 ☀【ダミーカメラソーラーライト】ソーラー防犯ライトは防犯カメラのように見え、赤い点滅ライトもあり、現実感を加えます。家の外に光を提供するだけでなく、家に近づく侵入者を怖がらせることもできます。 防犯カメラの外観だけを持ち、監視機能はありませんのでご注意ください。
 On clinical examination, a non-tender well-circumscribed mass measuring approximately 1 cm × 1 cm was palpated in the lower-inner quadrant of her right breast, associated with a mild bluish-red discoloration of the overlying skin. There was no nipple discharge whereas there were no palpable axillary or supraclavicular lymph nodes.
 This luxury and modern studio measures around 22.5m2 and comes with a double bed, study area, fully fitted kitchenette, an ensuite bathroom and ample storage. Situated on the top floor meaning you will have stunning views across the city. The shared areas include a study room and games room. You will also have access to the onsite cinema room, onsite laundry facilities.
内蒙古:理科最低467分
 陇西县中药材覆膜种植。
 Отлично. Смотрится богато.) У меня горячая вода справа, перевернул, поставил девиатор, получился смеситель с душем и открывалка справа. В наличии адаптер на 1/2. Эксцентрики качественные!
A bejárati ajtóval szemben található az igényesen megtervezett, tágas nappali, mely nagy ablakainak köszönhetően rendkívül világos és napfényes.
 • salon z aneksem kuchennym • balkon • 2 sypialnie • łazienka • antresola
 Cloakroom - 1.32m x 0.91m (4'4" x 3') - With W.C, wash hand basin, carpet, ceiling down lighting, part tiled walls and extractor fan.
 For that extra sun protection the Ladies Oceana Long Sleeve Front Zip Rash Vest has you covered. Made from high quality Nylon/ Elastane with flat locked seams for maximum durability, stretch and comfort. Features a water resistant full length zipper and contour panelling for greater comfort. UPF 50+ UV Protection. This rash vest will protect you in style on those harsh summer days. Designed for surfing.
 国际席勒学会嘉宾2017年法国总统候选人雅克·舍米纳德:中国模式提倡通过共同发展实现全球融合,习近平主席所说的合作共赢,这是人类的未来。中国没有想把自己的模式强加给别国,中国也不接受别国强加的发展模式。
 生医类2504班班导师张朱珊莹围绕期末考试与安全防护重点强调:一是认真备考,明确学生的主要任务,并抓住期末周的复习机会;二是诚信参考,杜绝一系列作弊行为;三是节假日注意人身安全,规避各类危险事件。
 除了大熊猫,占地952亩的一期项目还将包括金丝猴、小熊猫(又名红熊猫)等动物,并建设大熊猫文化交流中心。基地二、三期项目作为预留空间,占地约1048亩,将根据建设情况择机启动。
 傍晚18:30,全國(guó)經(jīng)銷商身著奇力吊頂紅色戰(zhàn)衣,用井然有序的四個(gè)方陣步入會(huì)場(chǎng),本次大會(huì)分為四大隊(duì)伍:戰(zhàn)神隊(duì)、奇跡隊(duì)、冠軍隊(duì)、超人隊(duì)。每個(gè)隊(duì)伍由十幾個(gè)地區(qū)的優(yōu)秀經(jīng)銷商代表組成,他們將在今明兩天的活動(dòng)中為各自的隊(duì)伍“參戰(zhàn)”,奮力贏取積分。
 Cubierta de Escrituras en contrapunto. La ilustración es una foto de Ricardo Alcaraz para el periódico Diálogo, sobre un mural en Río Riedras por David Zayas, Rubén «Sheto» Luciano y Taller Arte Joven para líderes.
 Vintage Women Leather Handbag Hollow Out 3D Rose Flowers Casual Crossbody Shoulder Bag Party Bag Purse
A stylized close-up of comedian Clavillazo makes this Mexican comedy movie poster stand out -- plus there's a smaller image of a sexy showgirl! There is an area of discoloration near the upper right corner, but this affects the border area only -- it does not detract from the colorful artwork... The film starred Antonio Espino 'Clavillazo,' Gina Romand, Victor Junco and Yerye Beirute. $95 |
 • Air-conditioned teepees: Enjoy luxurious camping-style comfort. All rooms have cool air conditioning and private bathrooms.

> TASK INSTRUCTIONS: Of the entries above, transcribe exactly those lines that fall between the line containing "For that extra" and the line containing "生医类2504班班导师张朱珊", together with those two lines.

> RESULT:
 For that extra sun protection the Ladies Oceana Long Sleeve Front Zip Rash Vest has you covered. Made from high quality Nylon/ Elastane with flat locked seams for maximum durability, stretch and comfort. Features a water resistant full length zipper and contour panelling for greater comfort. UPF 50+ UV Protection. This rash vest will protect you in style on those harsh summer days. Designed for surfing.
 国际席勒学会嘉宾2017年法国总统候选人雅克·舍米纳德:中国模式提倡通过共同发展实现全球融合,习近平主席所说的合作共赢,这是人类的未来。中国没有想把自己的模式强加给别国,中国也不接受别国强加的发展模式。
 生医类2504班班导师张朱珊莹围绕期末考试与安全防护重点强调:一是认真备考,明确学生的主要任务,并抓住期末周的复习机会;二是诚信参考,杜绝一系列作弊行为;三是节假日注意人身安全,规避各类危险事件。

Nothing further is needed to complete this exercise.